WORK REQUIRED — From the line that holds "Welcome to Escape" to the last line below, retype everything exactly and nothing else; omit pictures.

PROVIDED MATERIAL —
○ ○ ○ ○ ○ ○ ○

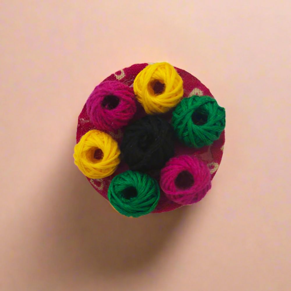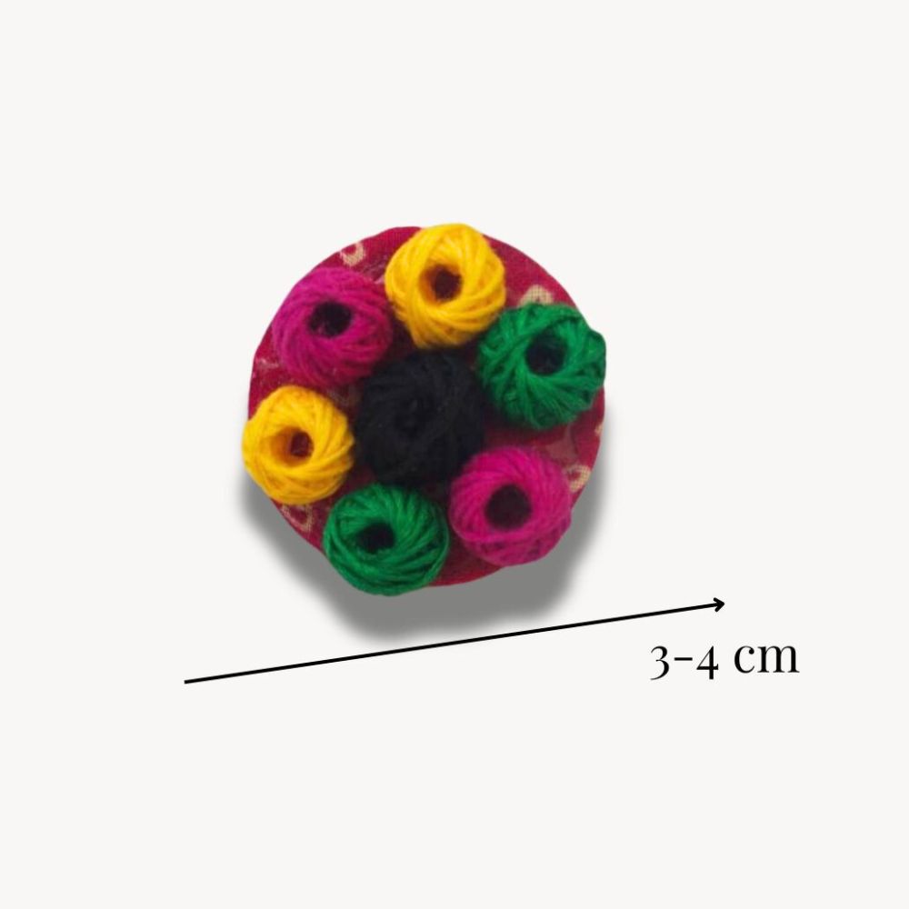 This quirky and colorful finger ring features vibrant Bandhani fabric over an MDF base. Its round, adjustable design makes it a perfect pop of personality for festive, wedding, or party attire. Ideal for those who love unique accessories that make a statement without being too loud.
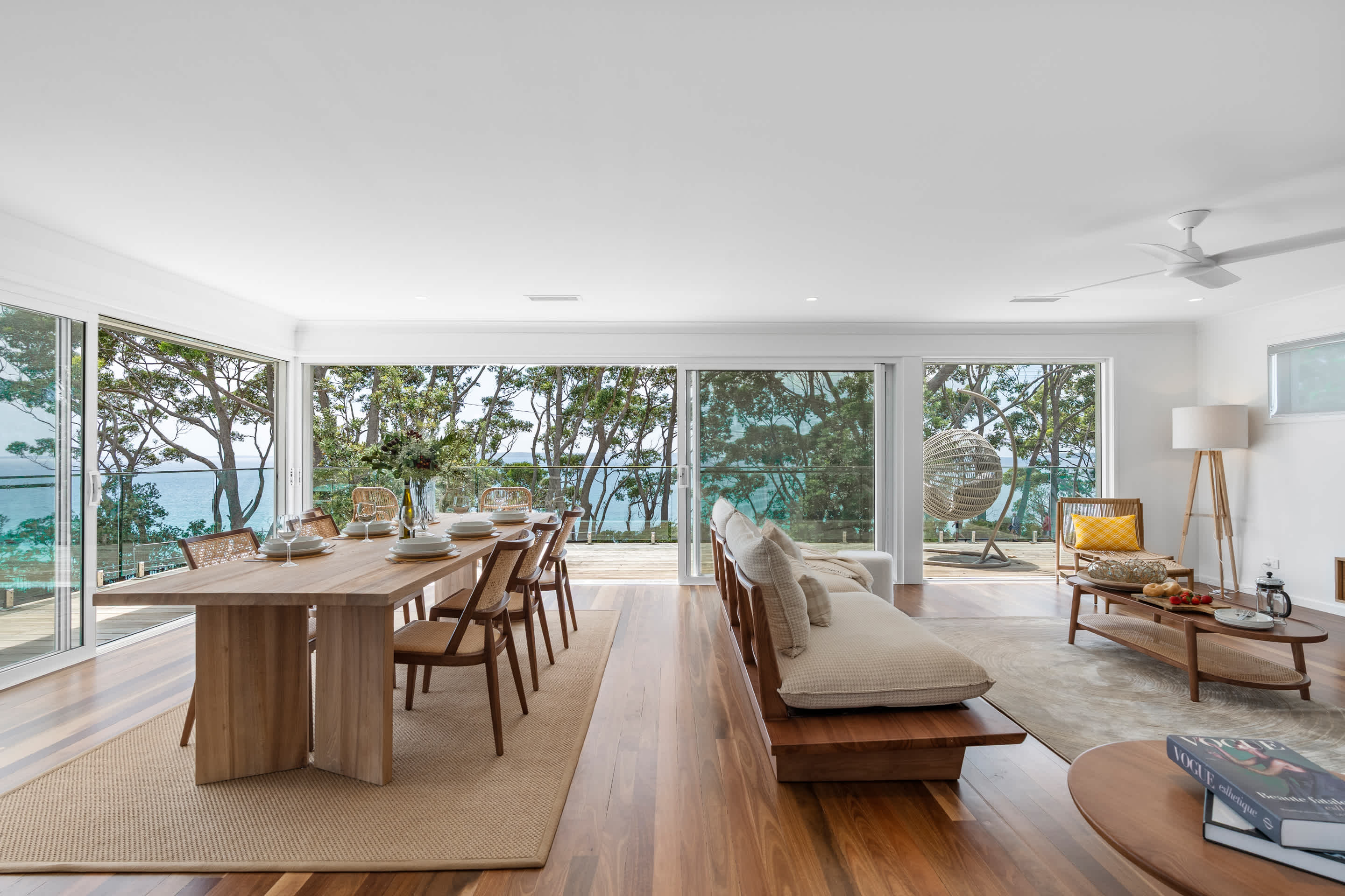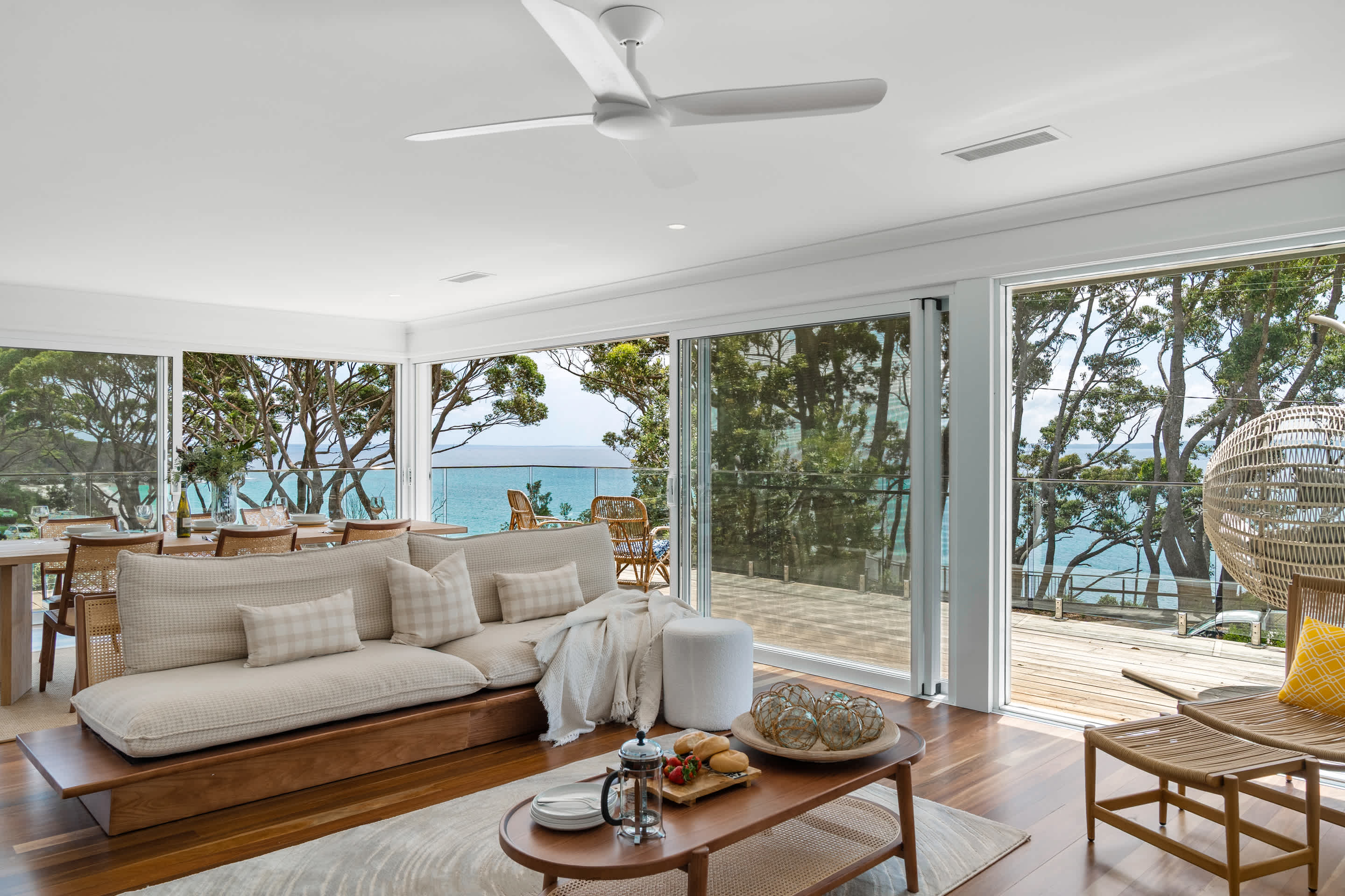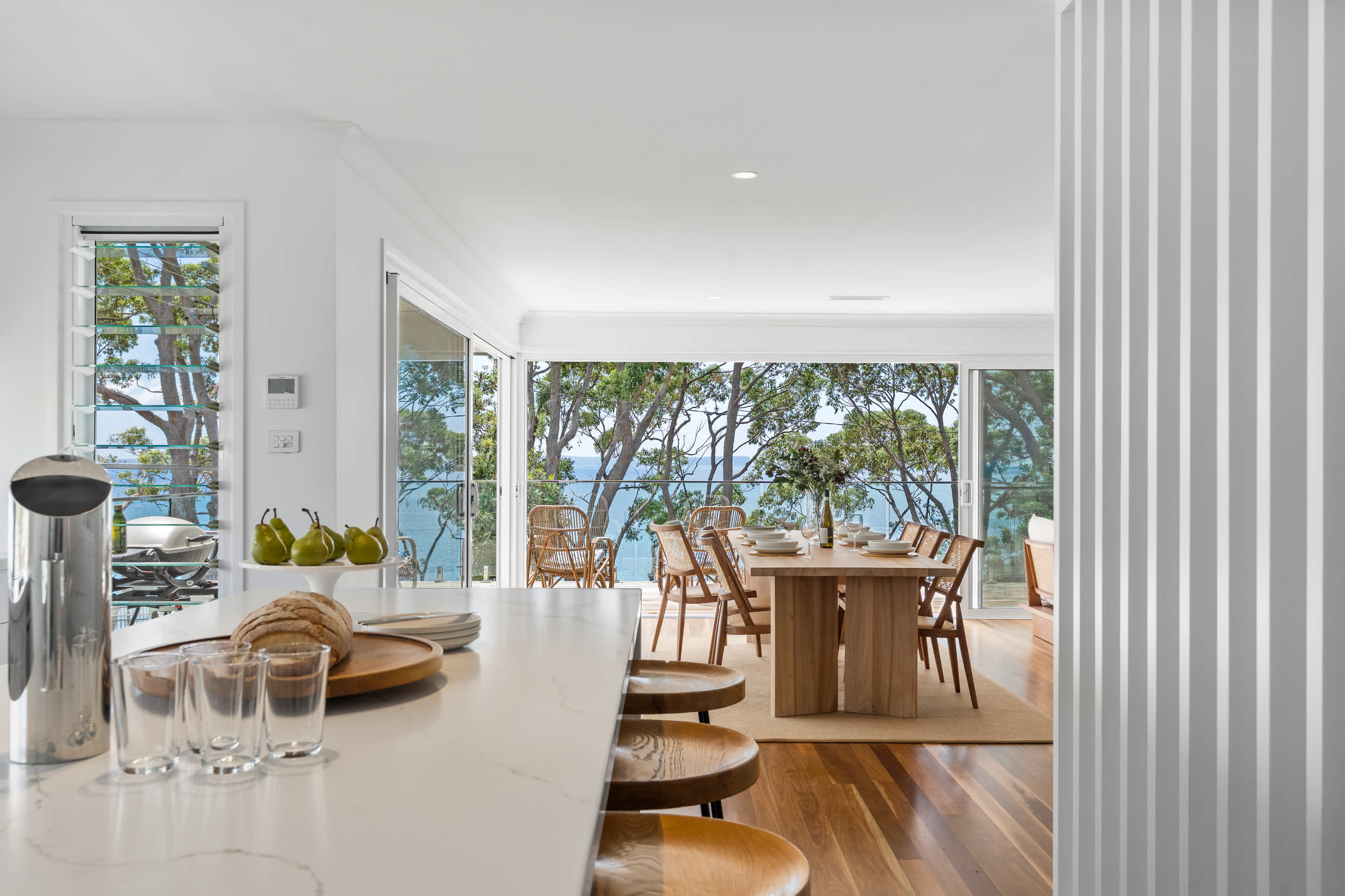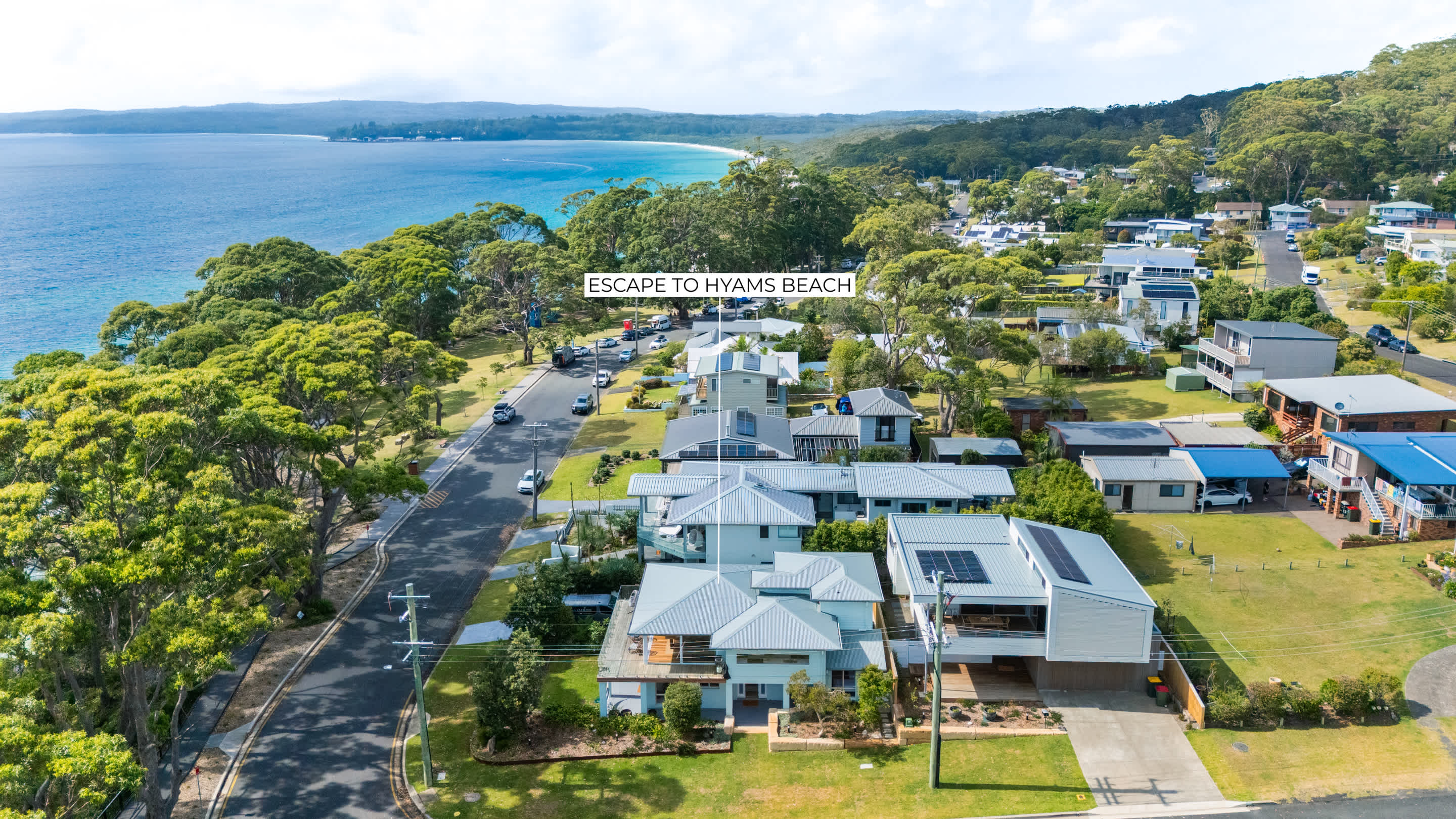 Welcome to Escape to Hyams Beach, a fully renovated five-bedroom coastal retreat set across three spacious levels with expansive views over Jervis Bay. Ideal for families and relaxed group stays, this light-filled home offers multiple living areas, ducted air conditioning, and beautiful indoor–outdoor flow, all just moments from the white sands of Hyams Beach.
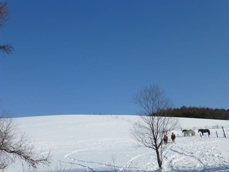 由仁のファームヤード大塚の手前に、馬を飼っている牧場がある。いい天気で、馬たちも気分がよさそうだ。馬と目が合ってしまった、一頭がこっちに来る。なにも期待されても困るから、退散。初スパイススープ。大豆のスープ。美味し。天気良く。遠くに見える夕張岳も白く光っている。あの左の出っ張りから右の山頂まで、1キロほどの高層湿原が続く。アプローチが遠くなったので、日帰りはきつくなったけど、また訪れてみたいものだ。ともあれ、いい天気、いい景色、旨いスープ。いい週末なんでないかい。
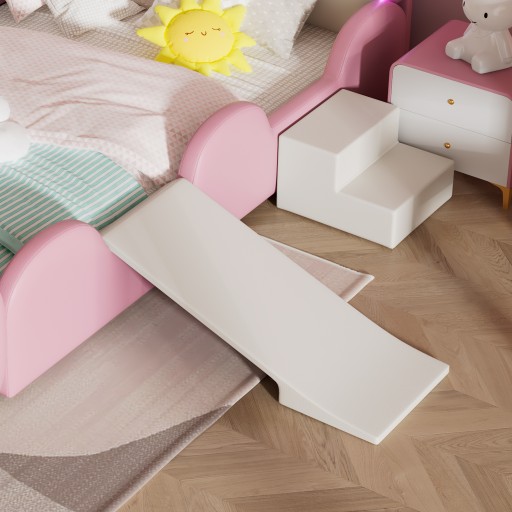 Interaktywne funkcje ze zjeżdżalnią i schodami: dzięki małej zjeżdżalni i schodom tapicerowane łóżko staje się zabawnym i interaktywnym miejscem do zabawy dla Twojego dziecka.

○ ○ ○ ○ ○ ○ ○

RESULT OF THE EXERCISE —
 Welcome to Escape to Hyams Beach, a fully renovated five-bedroom coastal retreat set across three spacious levels with expansive views over Jervis Bay. Ideal for families and relaxed group stays, this light-filled home offers multiple living areas, ducted air conditioning, and beautiful indoor–outdoor flow, all just moments from the white sands of Hyams Beach.
 由仁のファームヤード大塚の手前に、馬を飼っている牧場がある。いい天気で、馬たちも気分がよさそうだ。馬と目が合ってしまった、一頭がこっちに来る。なにも期待されても困るから、退散。初スパイススープ。大豆のスープ。美味し。天気良く。遠くに見える夕張岳も白く光っている。あの左の出っ張りから右の山頂まで、1キロほどの高層湿原が続く。アプローチが遠くなったので、日帰りはきつくなったけど、また訪れてみたいものだ。ともあれ、いい天気、いい景色、旨いスープ。いい週末なんでないかい。
 Interaktywne funkcje ze zjeżdżalnią i schodami: dzięki małej zjeżdżalni i schodom tapicerowane łóżko staje się zabawnym i interaktywnym miejscem do zabawy dla Twojego dziecka.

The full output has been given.